» **TASK DESCRIPTION**:
Repeat the records below exactly from the line containing "Bring your cherished" to the line containing "2023/01/08令和5年", taking in both of those lines. Drop the pictures.

» **INFORMATION SHOWN**:
%%
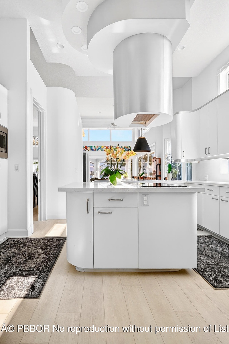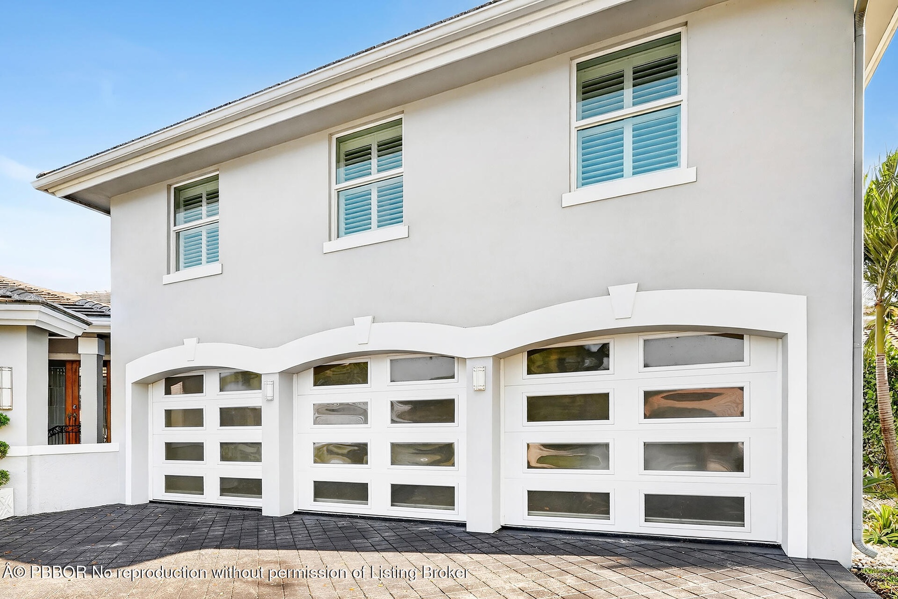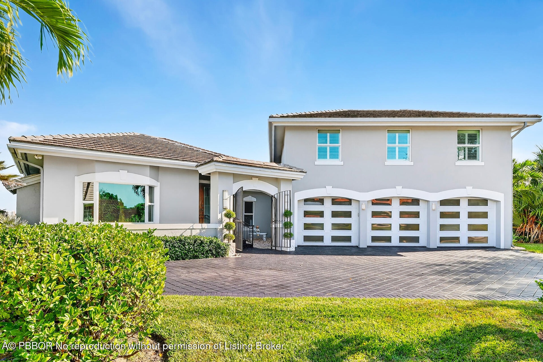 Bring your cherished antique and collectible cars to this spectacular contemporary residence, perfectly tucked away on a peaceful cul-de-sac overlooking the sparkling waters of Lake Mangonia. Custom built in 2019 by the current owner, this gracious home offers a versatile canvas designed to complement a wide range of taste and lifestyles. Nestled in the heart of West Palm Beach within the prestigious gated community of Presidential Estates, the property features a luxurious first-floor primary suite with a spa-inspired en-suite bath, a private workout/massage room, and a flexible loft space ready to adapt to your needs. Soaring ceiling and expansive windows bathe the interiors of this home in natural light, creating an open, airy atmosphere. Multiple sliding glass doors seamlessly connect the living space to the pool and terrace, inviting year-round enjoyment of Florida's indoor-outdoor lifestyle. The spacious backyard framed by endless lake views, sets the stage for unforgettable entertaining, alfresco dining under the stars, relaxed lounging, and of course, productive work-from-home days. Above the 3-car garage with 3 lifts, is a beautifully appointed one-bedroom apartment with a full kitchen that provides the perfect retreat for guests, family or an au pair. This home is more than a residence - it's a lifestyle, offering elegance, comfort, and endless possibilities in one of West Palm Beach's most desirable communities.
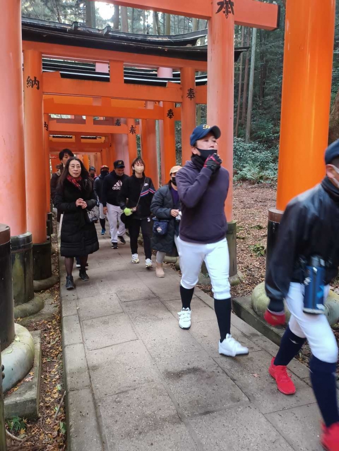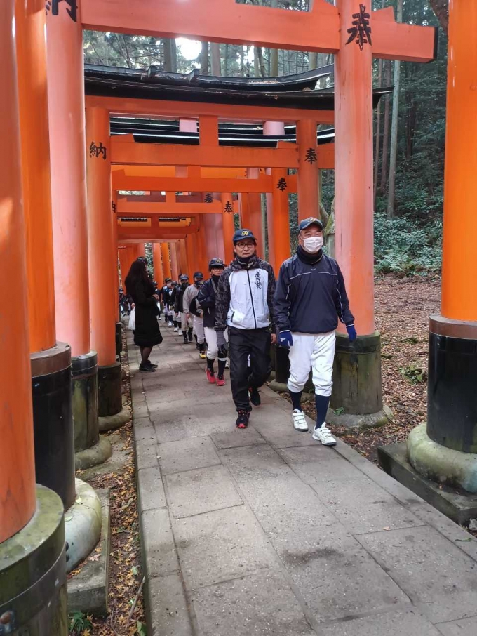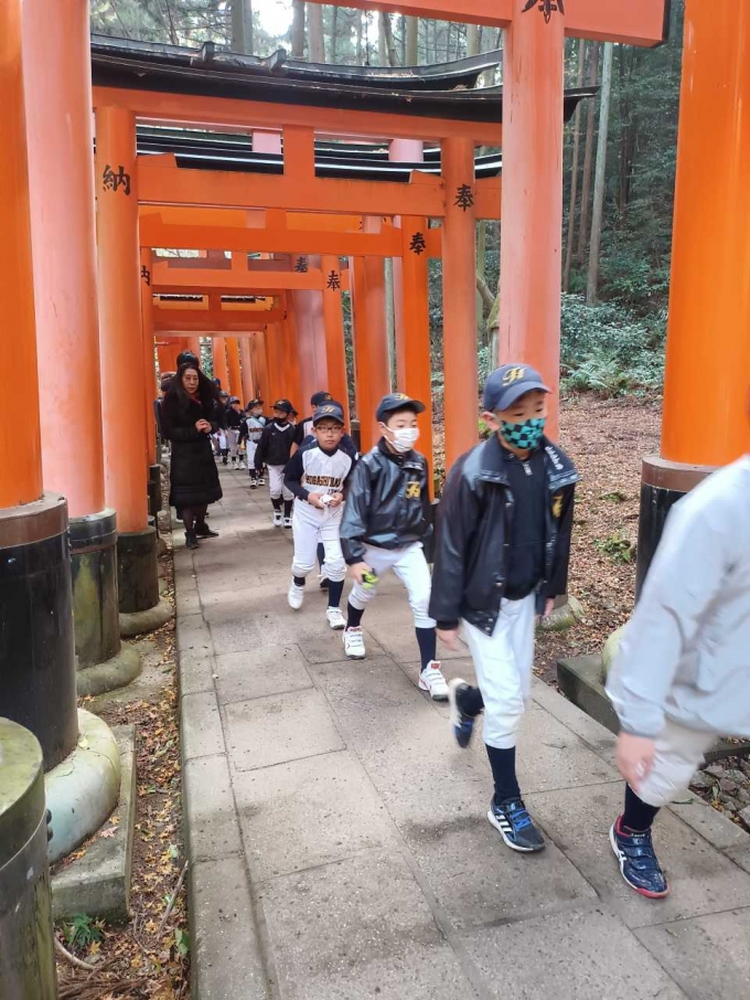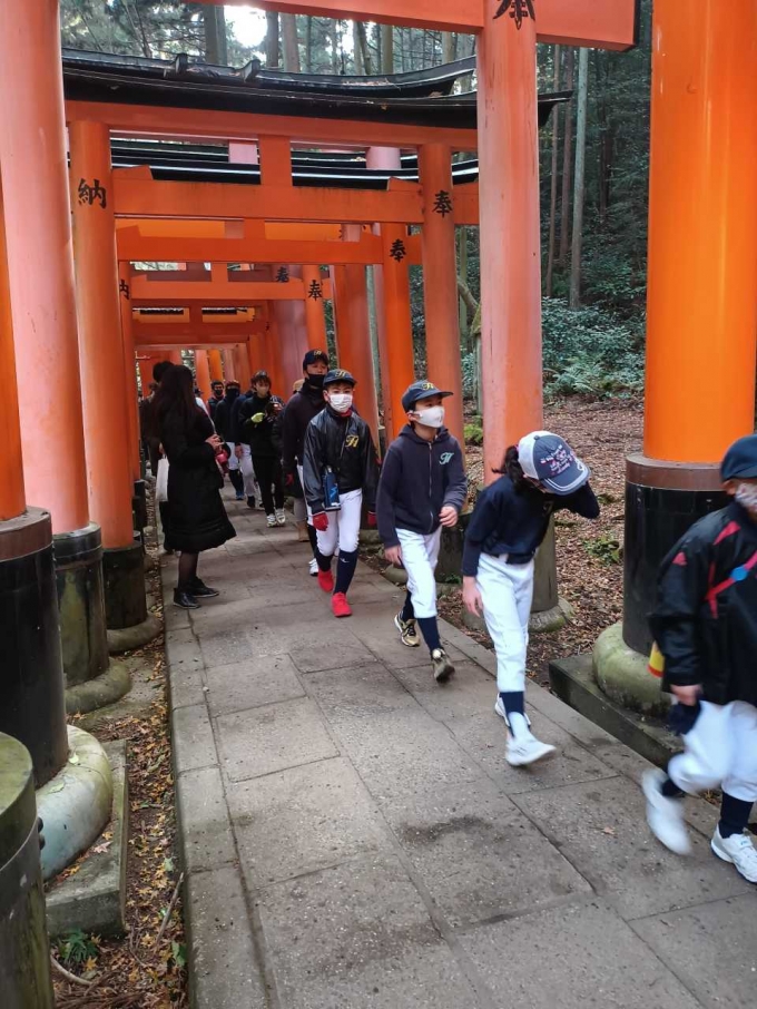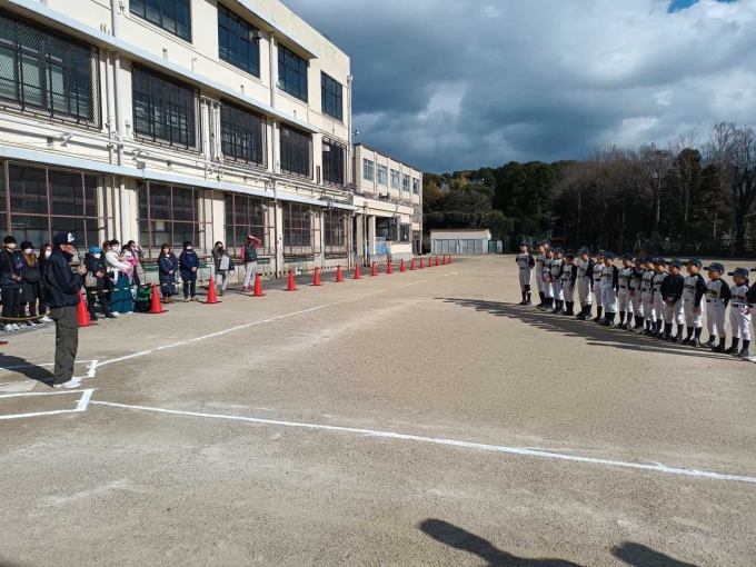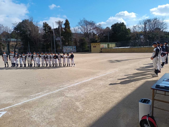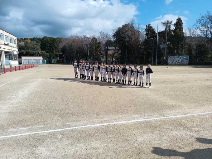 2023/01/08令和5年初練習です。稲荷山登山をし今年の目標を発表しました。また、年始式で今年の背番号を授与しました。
%%
%%
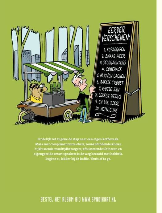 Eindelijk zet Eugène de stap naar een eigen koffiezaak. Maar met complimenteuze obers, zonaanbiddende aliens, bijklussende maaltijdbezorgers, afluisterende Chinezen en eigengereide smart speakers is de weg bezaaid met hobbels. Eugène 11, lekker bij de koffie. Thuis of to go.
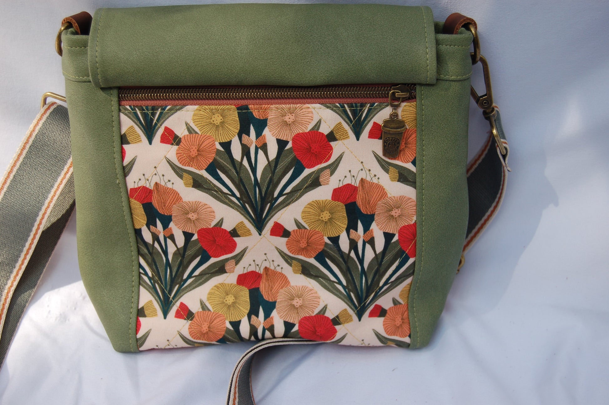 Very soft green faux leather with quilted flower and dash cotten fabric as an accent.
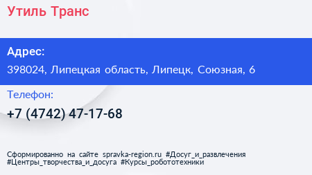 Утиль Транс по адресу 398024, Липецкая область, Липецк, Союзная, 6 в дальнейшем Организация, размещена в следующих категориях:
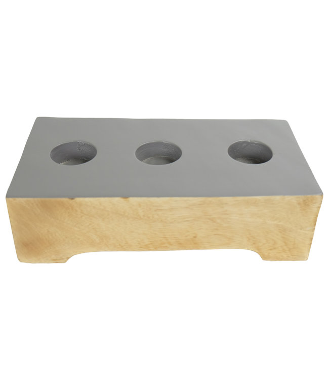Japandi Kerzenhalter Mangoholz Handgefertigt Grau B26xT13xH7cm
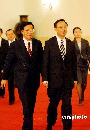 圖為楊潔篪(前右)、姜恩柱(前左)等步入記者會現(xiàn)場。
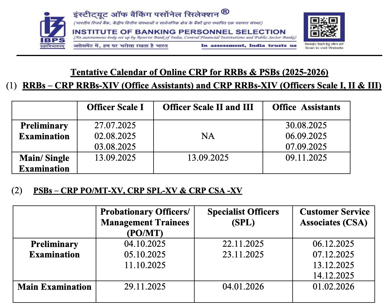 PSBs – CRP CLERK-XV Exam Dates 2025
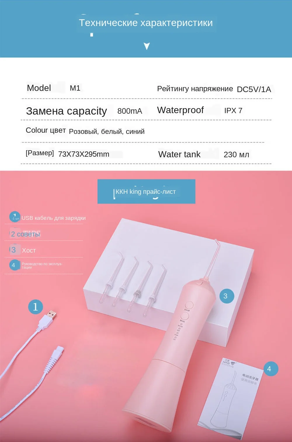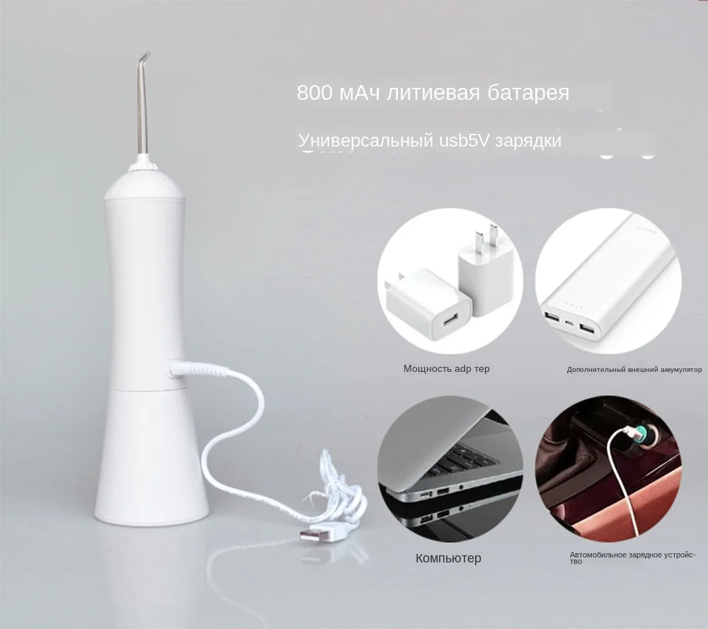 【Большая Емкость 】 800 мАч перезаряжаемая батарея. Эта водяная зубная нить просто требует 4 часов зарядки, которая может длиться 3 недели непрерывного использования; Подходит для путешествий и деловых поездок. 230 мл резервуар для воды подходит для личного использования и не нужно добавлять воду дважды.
%%
» **ANSWER BELOW**:
 Bring your cherished antique and collectible cars to this spectacular contemporary residence, perfectly tucked away on a peaceful cul-de-sac overlooking the sparkling waters of Lake Mangonia. Custom built in 2019 by the current owner, this gracious home offers a versatile canvas designed to complement a wide range of taste and lifestyles. Nestled in the heart of West Palm Beach within the prestigious gated community of Presidential Estates, the property features a luxurious first-floor primary suite with a spa-inspired en-suite bath, a private workout/massage room, and a flexible loft space ready to adapt to your needs. Soaring ceiling and expansive windows bathe the interiors of this home in natural light, creating an open, airy atmosphere. Multiple sliding glass doors seamlessly connect the living space to the pool and terrace, inviting year-round enjoyment of Florida's indoor-outdoor lifestyle. The spacious backyard framed by endless lake views, sets the stage for unforgettable entertaining, alfresco dining under the stars, relaxed lounging, and of course, productive work-from-home days. Above the 3-car garage with 3 lifts, is a beautifully appointed one-bedroom apartment with a full kitchen that provides the perfect retreat for guests, family or an au pair. This home is more than a residence - it's a lifestyle, offering elegance, comfort, and endless possibilities in one of West Palm Beach's most desirable communities.
 2023/01/08令和5年初練習です。稲荷山登山をし今年の目標を発表しました。また、年始式で今年の背番号を授与しました。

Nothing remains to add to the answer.